Exercise directions »
Extract precisely the lines that run from the line containing "124㎡三房两厅两卫,餐客通" to the end of the records below, with both ends included and pictures omitted.

== Extracted data ==

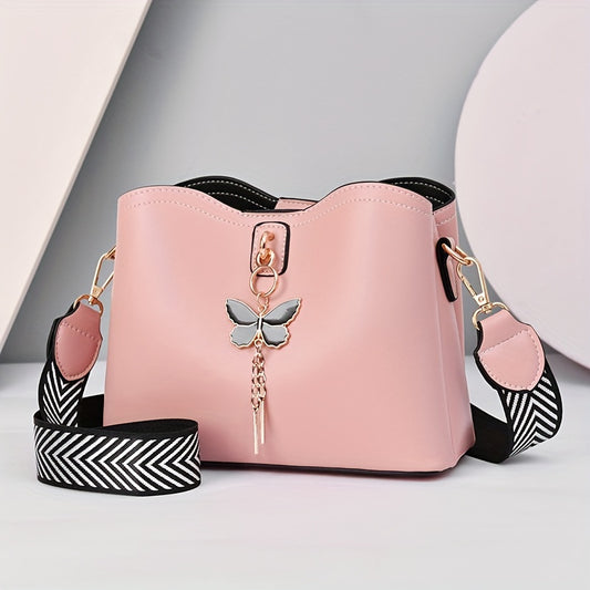 Women's Butterfly Decor Bucket Bag with Geometric Strap
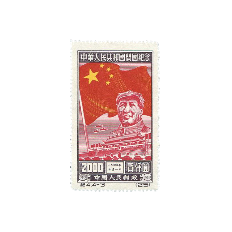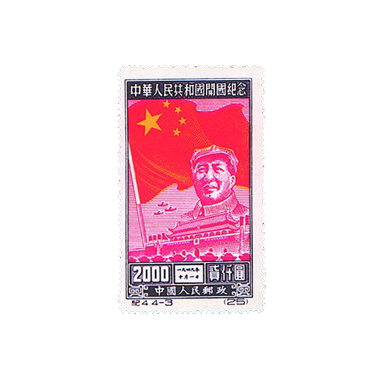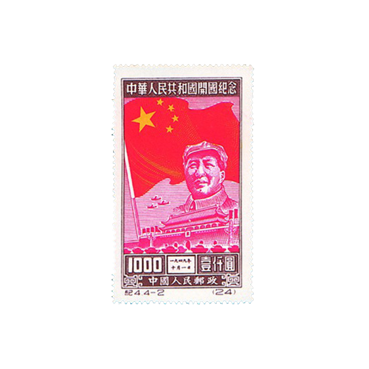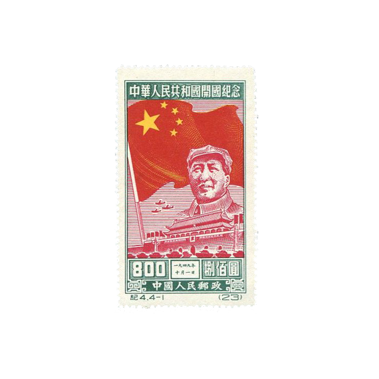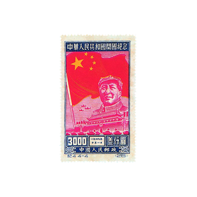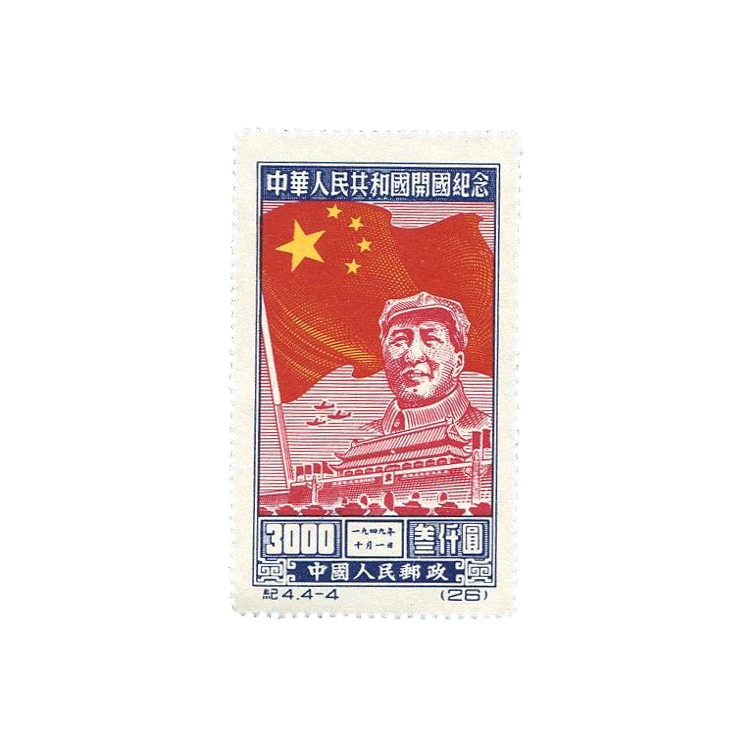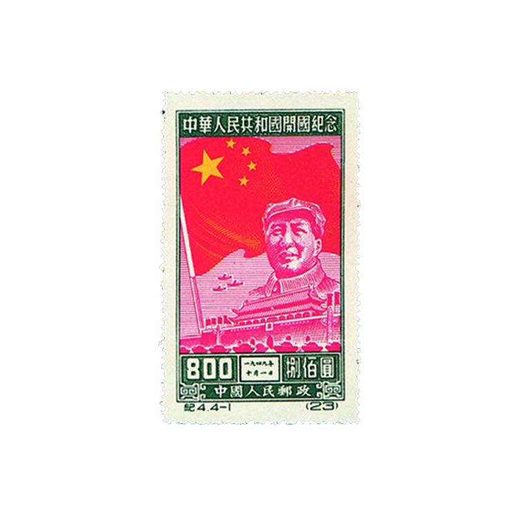 1949年10月1日15时,在天安门广场举行开国大典,庆祝中华人民共和国中央人民政府成立。为纪念这一历史事件,自1949年北平解放之后,便积极着手筹备人民政协第一届全体会议和中华人民共和国成立两套纪念邮票的发行工作。但因后来对图稿多次修改,如票型由横版改为竖版;“中华人民邮政”改为“中国人民邮政”;由于邮资的调整,使这套邮票从选题、设计、印制直到发行,将近1年,迟至1950年建党纪念日才问世。全套4枚邮票,图案相同。庄严的五星红旗第一次在中国邮票上出现。毛泽东主席,宏伟的天安门以及接受检阅的人民解放军的坦克、飞机,都形象地记录了新中国开国盛典的这一伟大的历史时刻。亦发行了东北贴用套票,并于1955年1月10日再版。这套邮票被评为建国30年最佳邮票之一。
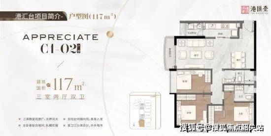 124㎡三房两厅两卫,餐客通厅,拥享开阔格局,套间主卧,步入式衣帽间,双向阳台,270度瞰江赏景,宽绰厨房,从容取洗切炒
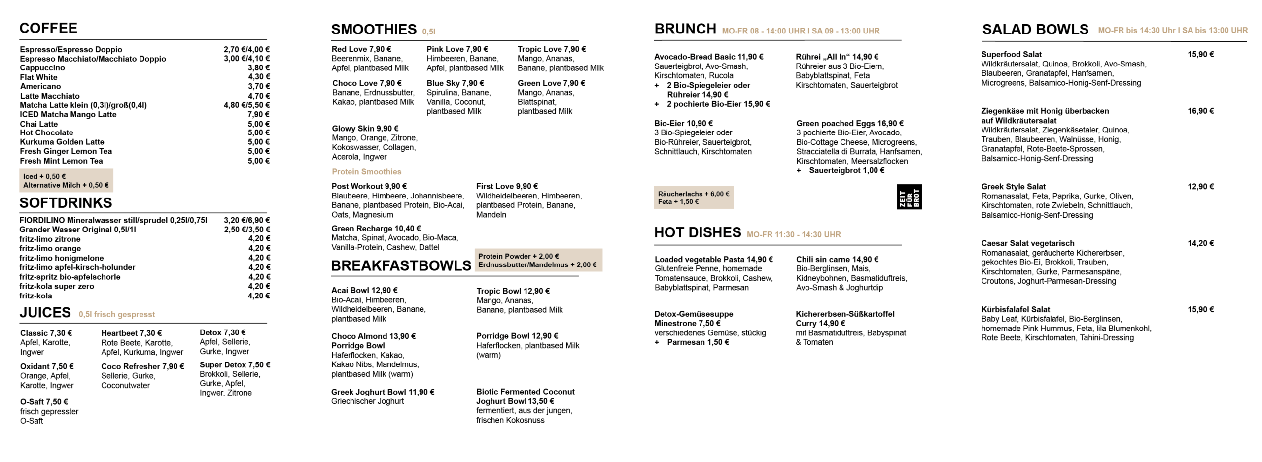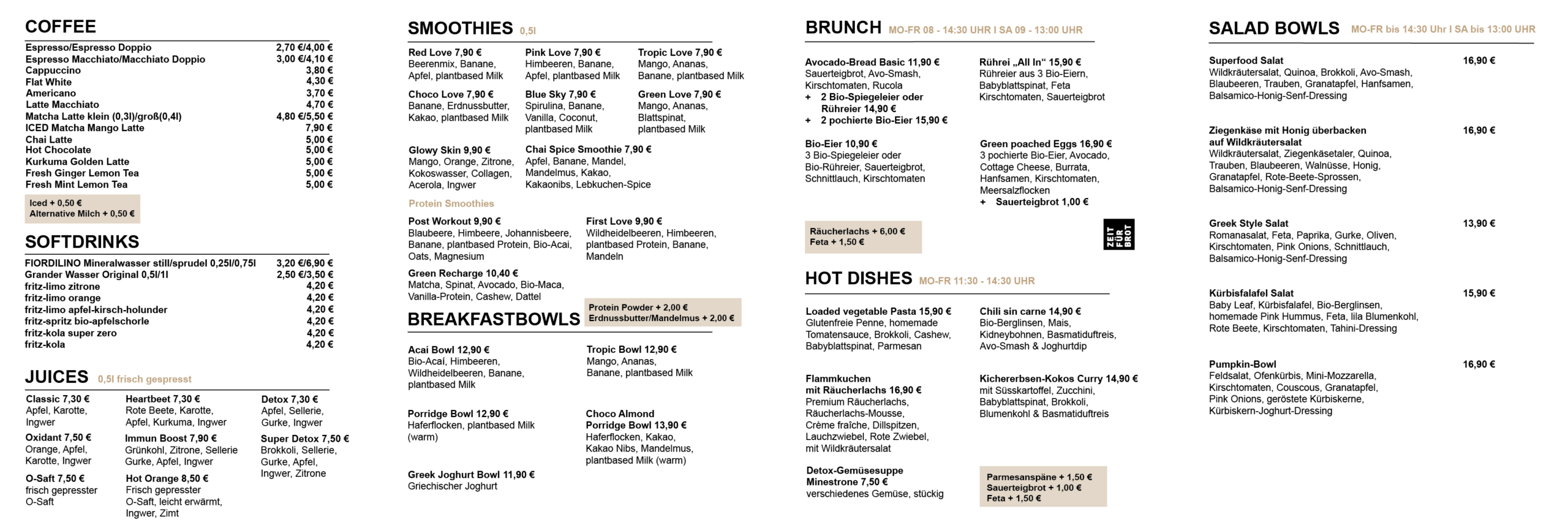 SMOOTHIES – BOWLS – JUICES – SALADS – CHANGING LUNCH MENUE – COFFEE – SWEETS
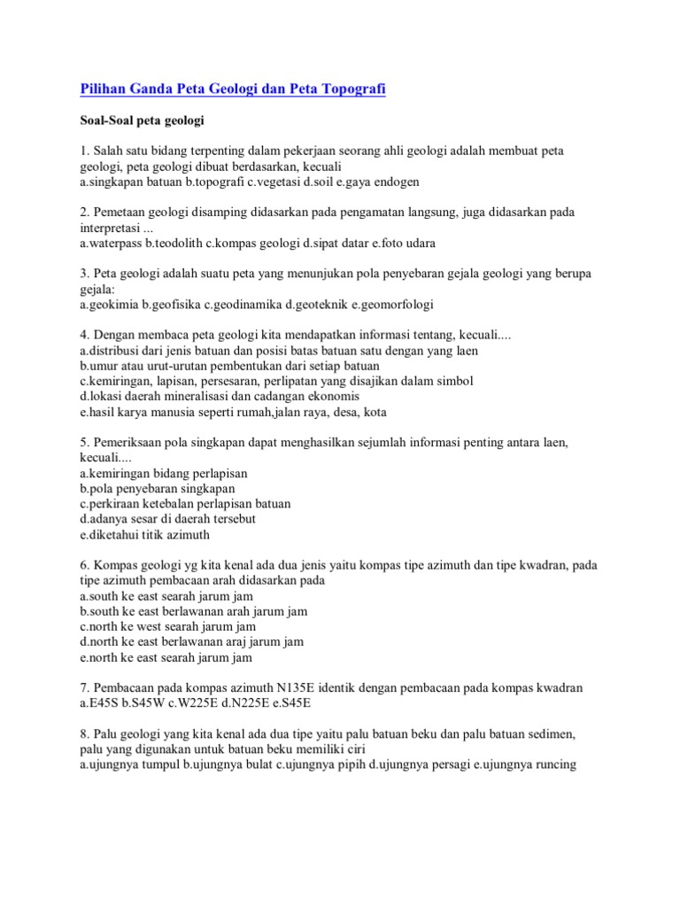 Pilihan Ganda Peta Geologi Dan Peta Topografi
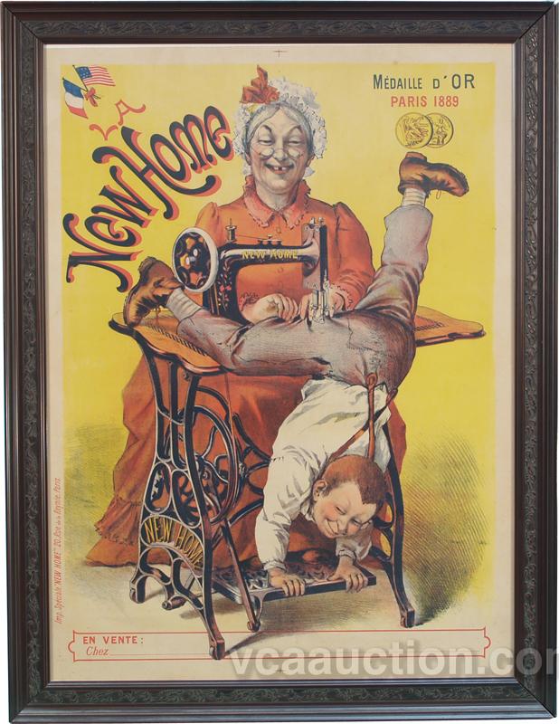 Large New Home Sewing Machine Paper Sign "Paris 1889" in frame - 28" x 36"
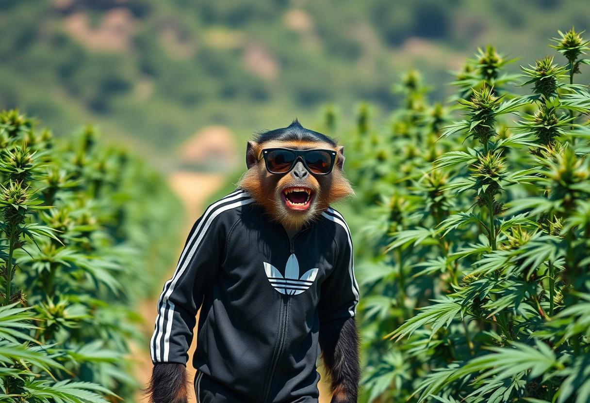 Create a vibrant, whimsical scene of a joyful Macaque in sunglasses casually strolling through a lush marijuana field. The monkey is full of energy and happiness, with a playful expression. It wears a black Adidas tracksuit that pops against the greenery. The marijuana plants are rich, tall and green, stretching out across the landscape, bathed in sunlight. Capture the natural beauty and lighthearted mood of the scene, with the monkey’s cool, sporty vibe adding to the playful atmosphere.
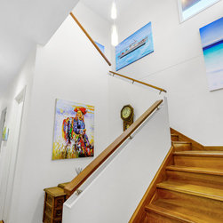 The design features extensive use of strategically located windows to perform 3 key architectural requirements:

===

Result for this task »
 124㎡三房两厅两卫,餐客通厅,拥享开阔格局,套间主卧,步入式衣帽间,双向阳台,270度瞰江赏景,宽绰厨房,从容取洗切炒
 SMOOTHIES – BOWLS – JUICES – SALADS – CHANGING LUNCH MENUE – COFFEE – SWEETS
 Pilihan Ganda Peta Geologi Dan Peta Topografi
 Large New Home Sewing Machine Paper Sign "Paris 1889" in frame - 28" x 36"
 Create a vibrant, whimsical scene of a joyful Macaque in sunglasses casually strolling through a lush marijuana field. The monkey is full of energy and happiness, with a playful expression. It wears a black Adidas tracksuit that pops against the greenery. The marijuana plants are rich, tall and green, stretching out across the landscape, bathed in sunlight. Capture the natural beauty and lighthearted mood of the scene, with the monkey’s cool, sporty vibe adding to the playful atmosphere.
 The design features extensive use of strategically located windows to perform 3 key architectural requirements:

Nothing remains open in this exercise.